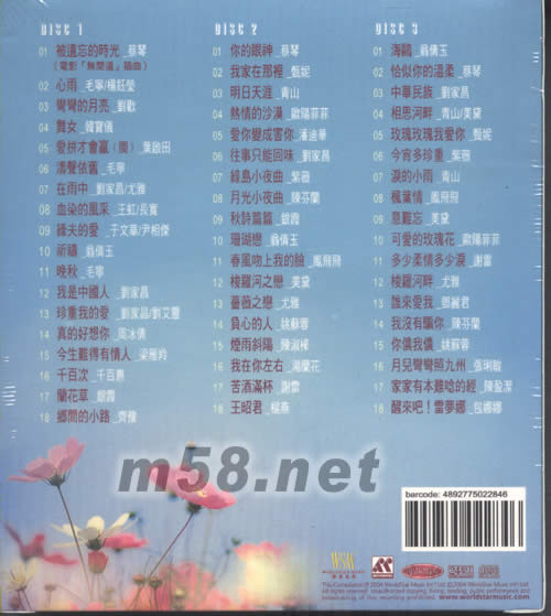 DISC 1 01. 被遺忘的時光 -蔡琴(電影[無間道]插曲) 02. 心雨 -毛寧/楊鈺瑩 03. 彎彎的月亮 -劉歡 04. 舞女 -韓寶儀 05. 愛拼才會贏(閩) -葉啟田 06. 濤聲依舊 -毛寧 07. 在雨中 -劉家昌/尤雅 08. 血染的風(fēng)采 -王虹/常寬 09. 纖夫的愛 -于文華/尹相杰 10. 祈禱 -翁倩玉 11. 晚秋 -毛寧 12. 我是中國人 -劉家昌 13. 珍重我的愛 -劉家昌/劉艾靈 14. 真的好想你 -周冰倩 15. 今生難得有情人 -梁雁玲 16. 千百次 -千百惠 17. 蘭花草 -銀霞 18. 鄉(xiāng)間的小路 -齊豫 DISC 2 01. 你的眼神 -蔡琴 02. 我家在那里 -甄妮 03. 明日天涯 -青山 04. 熱情的沙漠 -歐陽菲菲 05. 愛你變成害你 -潘迪華 06. 往事只能回味 -劉家昌 07. 綠島小夜曲 -紫薇 08. 月光小夜曲 -陳芬蘭 09. 秋詩篇篇 -銀霞 10. 珊瑚戀 -翁倩玉 11. 春風(fēng)吻上我的臉 -鳳飛飛 12. 梭羅河之戀 -美黛 13. 薔薇之戀 -尤雅 14. 負(fù)心的人 -姚蘇蓉 15. 煙雨斜陽 -陳淑樺 16. 我在你左右 -湯蘭花 17. 苦酒滿杯 -謝雷 18. 王昭君 -楊燕 DISC 3 01. 海鷗 -翁倩玉 02. 恰似你的溫柔 -蔡琴 03. 中華民族 -劉家昌 04. 相思河畔 -青山/美黛 05. 玫瑰玫瑰我愛你 -甄妮 06. 今宵多珍重 -紫薇 07. 淚的小雨 -青山 08. 楓葉情 -鳳飛飛 09. 意難忘 -美黛 10. 可愛的玫瑰花 -歐陽菲菲 11. 多少柔情多少淚 -謝雷 12. 梭羅河畔 -尤雅 13. 誰來愛我 -鄧麗君 14. 我沒有騙你 -陳芬蘭 15. 你儂我儂 -姚蘇蓉 16. 月兒彎彎照九州 -張琍敏 17. 家家有本難念的經(jīng) -陳盈潔 18. 醒來吧!雷夢娜 -包娜娜
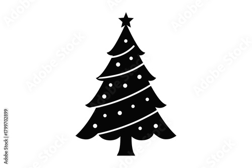 Christmas tree silhouette icon with stars and gifts. Vector illustration for holiday design, isolated on a white background.
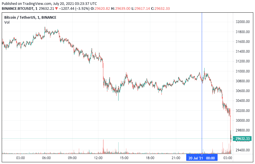 Биткоин (BTC) начал вторник с падения. Утром курс криптовалюты пробил уровень $30 тыс. По состоянию на 06:25 (МСК), биткоин торгуется по $29 623.
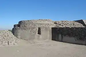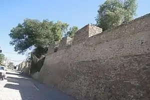 This structure represents remains of a defensive wall that probably surrounded the city. The structure measures about 6 meters high; with battlement protrusions extending two to three meters above. The walls are tapered with a width of about three meters at the bottom tapering down to about one meter at the top.[1]
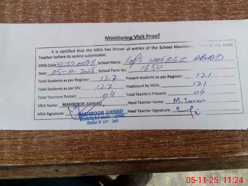 | EMIS Code: 32320098 | Name of School: GPS HAFEEZ ABAD | |||
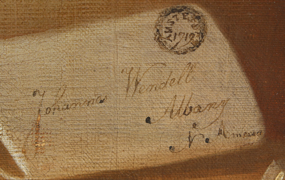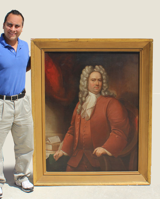 EARLY PORTRAIT PAINTING POSSIBLY JOHANNES WENDELL: OIL/Canvas, 45 1/2'' x 37 3/8'', Johannes Wendell was Justice of the Peace and Mayor of Albany, New York, gold gilt frame, overall approx. 56 3/8'' x 46'' x 3''d.

Exercise directions ▸ Instructions for the copy: start at the first entry, stop after the line containing "Биткоин (BTC) начал", keep every line exact, and drop the pictures.

Answer box ▸
 DISC 1 01. 被遺忘的時光 -蔡琴(電影[無間道]插曲) 02. 心雨 -毛寧/楊鈺瑩 03. 彎彎的月亮 -劉歡 04. 舞女 -韓寶儀 05. 愛拼才會贏(閩) -葉啟田 06. 濤聲依舊 -毛寧 07. 在雨中 -劉家昌/尤雅 08. 血染的風(fēng)采 -王虹/常寬 09. 纖夫的愛 -于文華/尹相杰 10. 祈禱 -翁倩玉 11. 晚秋 -毛寧 12. 我是中國人 -劉家昌 13. 珍重我的愛 -劉家昌/劉艾靈 14. 真的好想你 -周冰倩 15. 今生難得有情人 -梁雁玲 16. 千百次 -千百惠 17. 蘭花草 -銀霞 18. 鄉(xiāng)間的小路 -齊豫 DISC 2 01. 你的眼神 -蔡琴 02. 我家在那里 -甄妮 03. 明日天涯 -青山 04. 熱情的沙漠 -歐陽菲菲 05. 愛你變成害你 -潘迪華 06. 往事只能回味 -劉家昌 07. 綠島小夜曲 -紫薇 08. 月光小夜曲 -陳芬蘭 09. 秋詩篇篇 -銀霞 10. 珊瑚戀 -翁倩玉 11. 春風(fēng)吻上我的臉 -鳳飛飛 12. 梭羅河之戀 -美黛 13. 薔薇之戀 -尤雅 14. 負(fù)心的人 -姚蘇蓉 15. 煙雨斜陽 -陳淑樺 16. 我在你左右 -湯蘭花 17. 苦酒滿杯 -謝雷 18. 王昭君 -楊燕 DISC 3 01. 海鷗 -翁倩玉 02. 恰似你的溫柔 -蔡琴 03. 中華民族 -劉家昌 04. 相思河畔 -青山/美黛 05. 玫瑰玫瑰我愛你 -甄妮 06. 今宵多珍重 -紫薇 07. 淚的小雨 -青山 08. 楓葉情 -鳳飛飛 09. 意難忘 -美黛 10. 可愛的玫瑰花 -歐陽菲菲 11. 多少柔情多少淚 -謝雷 12. 梭羅河畔 -尤雅 13. 誰來愛我 -鄧麗君 14. 我沒有騙你 -陳芬蘭 15. 你儂我儂 -姚蘇蓉 16. 月兒彎彎照九州 -張琍敏 17. 家家有本難念的經(jīng) -陳盈潔 18. 醒來吧!雷夢娜 -包娜娜
 Christmas tree silhouette icon with stars and gifts. Vector illustration for holiday design, isolated on a white background.
 Биткоин (BTC) начал вторник с падения. Утром курс криптовалюты пробил уровень $30 тыс. По состоянию на 06:25 (МСК), биткоин торгуется по $29 623.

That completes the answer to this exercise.